DES DEMOISELLES À MES PIEDS

Régulièrement, l’ornithologie réserve des surprises agréables et en ce 24 octobre 2008, je vais en avoir une et en plus, elle ne viendra pas du monde des oiseaux.

Le soleil, encore assez puissant en cette journée automnale, je prends le risque de me faire bronzer près de la Petite rivière Yamachiche, tout en tentant de repérer les oiseaux pouvant se trouver dans les alentours. Toujours face au disque jaune et ce, afin d’obtenir le maximum de chaleur, une Buse à queue rousse plane dans le ciel dégagé et sans trop m’en rendre compte, une petite Demoiselle apparaît à mes pieds, soit sur un de ceux-ci, avec délicatesse, tout comme deux autres de ses compagnes, lesquelles optent pour le dessus de l’autre membre inférieur; ces trois Demoiselles filiformes se contentent de leur position, semblant confortables pour le moment.
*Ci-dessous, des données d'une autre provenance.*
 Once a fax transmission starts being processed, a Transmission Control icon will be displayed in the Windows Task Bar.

La popularité de mon corps ne s’arrête pas là, car cinq autres de ces jolies Demoiselles s’emparent de mon thorax à tour de rôle, pour finalement y demeurer et ce, sans trop bouger, frissonnant seulement quelque peu en de très rares occasions; ces huit Demoiselles ont sûrement été attirées par la chaude température de ma peau brunie, laquelle est toujours exposée aux rayons de l’astre lumineux, et elles emmagasinent le plus d’énergie possible émanant de cette surface accueillante. Dans mon immobilité, je me laisse caresser par ces Demoiselles à la couleur jais et par l’arrière, une neuvième me prend par surprise dans le cou, en imitant ainsi ses amies; je suis présentement le centre d’attraction pour ces neuf nymphes d’un passé tout récent et ça crève les yeux qu’elles n’ont comme seul but que d’abuser de la chaleur de mon corps, laquelle chaleur est des plus éphémères, au fur et à mesure que les minutes passent.
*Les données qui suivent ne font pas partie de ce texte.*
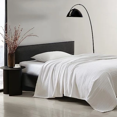 Vera Wang Blanket Designer Cotton Bedding, Medium Weight Home Decor for All Seasons, King, Over Rib White

Comme toute bonne chose a une fin et que le cercle diurne perd de son ardeur, les « crève-z-yeux » (car ce sont de neuf insectes, membres de la famille des libellules, qu’il est question en ce moment) se font doucement chasser par mes déplacements, tout en me revêtant. Comme des papillons, ces petites cousines des aeschnes se posent au sol, sur les tiges de foin couchées, et continuent à recueillir les derniers reflets du soleil, lequel est de moins en moins présent : le bourdon de la noirceur va bientôt sonner.

Cette expérience, toute nouvelle pour moi, a été pleinement goûtée, car elle était complètement imprévue, ce qui est doublement satisfaisant, d’autant plus que c’est préférable aux piqûres de maringouins!